- SUPPLIED INFORMATION
━━━━━━━━━━━━━━━━

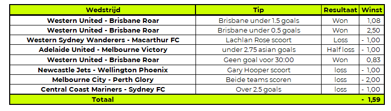 Hopelijk kunnen we net als in de eerste drie speelronden genieten van een succesvolle en winstgevende A-league speelronde. Houd onze onze website goed in de gaten voor toekomstige wedtips. Al onze wedtips vind je ook terug op Facebook en Telegram.
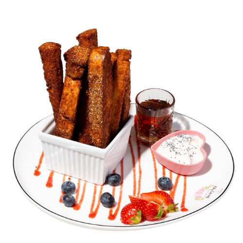 fried panko french toast stick, -Lime yogurt, maple syrup, small fruit, ice sugar
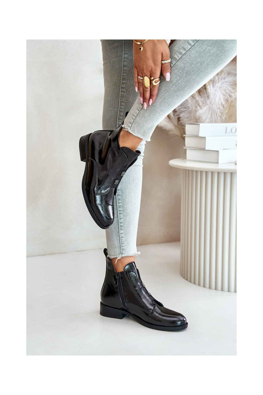lakiefektiga Soojad saapad Lossi laiade kontsadega S.Barski HY42-717 must värv
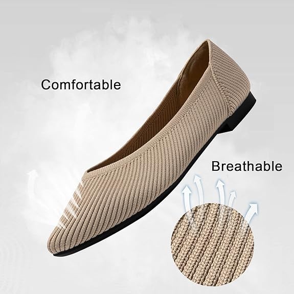• Material:Womens flat shoes upper with high quality knit, breathable and comfortable to wear. Durable rubber sole is non-slip and firm. Memory foam insole relieves pressure on the feet, so you won't feel tired after long hours of standing or walking, comfortable all day long.

━━━━━━━━━━━━━━━━

- WHAT IS REQUIRED
Write the lines from the one containing "lakiefektiga Soojad saapad" through the end of the data above exactly as they appear, and do not carry over any picture.

- TASK ANSWER
lakiefektiga Soojad saapad Lossi laiade kontsadega S.Barski HY42-717 must värv
• Material:Womens flat shoes upper with high quality knit, breathable and comfortable to wear. Durable rubber sole is non-slip and firm. Memory foam insole relieves pressure on the feet, so you won't feel tired after long hours of standing or walking, comfortable all day long.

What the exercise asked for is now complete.